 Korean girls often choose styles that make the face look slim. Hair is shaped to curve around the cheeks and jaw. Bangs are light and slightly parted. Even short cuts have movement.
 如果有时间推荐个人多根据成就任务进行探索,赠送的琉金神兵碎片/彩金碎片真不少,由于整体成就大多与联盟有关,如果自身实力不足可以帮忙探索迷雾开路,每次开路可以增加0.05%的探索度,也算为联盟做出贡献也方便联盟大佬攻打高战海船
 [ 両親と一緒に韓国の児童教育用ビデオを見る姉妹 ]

* * *

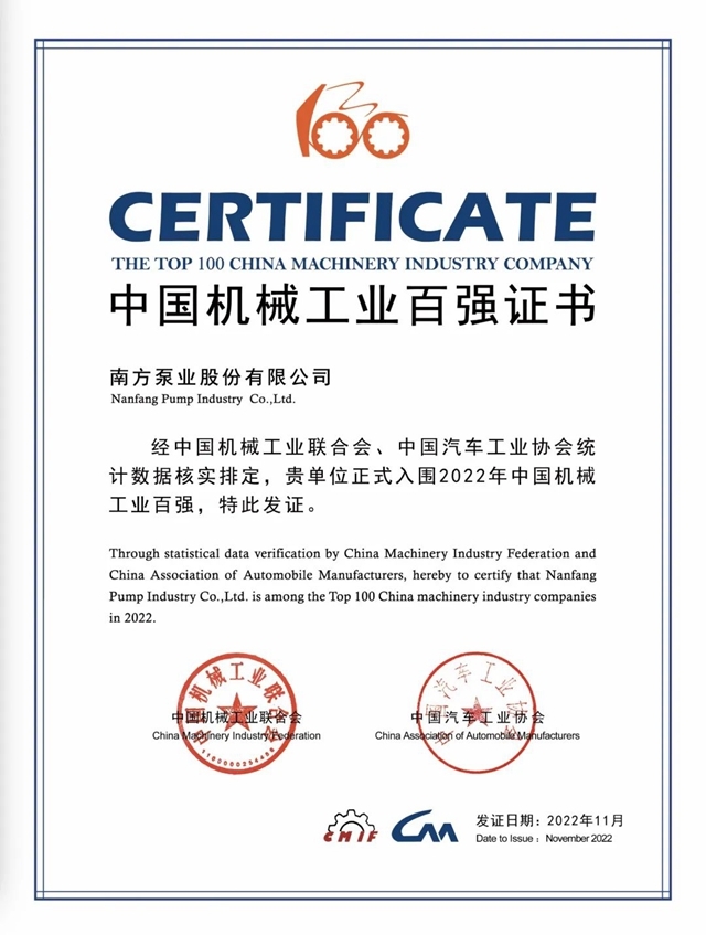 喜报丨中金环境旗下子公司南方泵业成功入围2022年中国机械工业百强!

# ABOUT THIS EXERCISE
Which lines above run from the one containing "如果有时间推荐个人多根据成就" down to the one containing "[ 両親と一緒に韓国の児童教育用ビデオを見る姉妹 ]"? Repeat exactly those, both ends included, and nothing else.

# SOLUTION
 如果有时间推荐个人多根据成就任务进行探索,赠送的琉金神兵碎片/彩金碎片真不少,由于整体成就大多与联盟有关,如果自身实力不足可以帮忙探索迷雾开路,每次开路可以增加0.05%的探索度,也算为联盟做出贡献也方便联盟大佬攻打高战海船
 [ 両親と一緒に韓国の児童教育用ビデオを見る姉妹 ]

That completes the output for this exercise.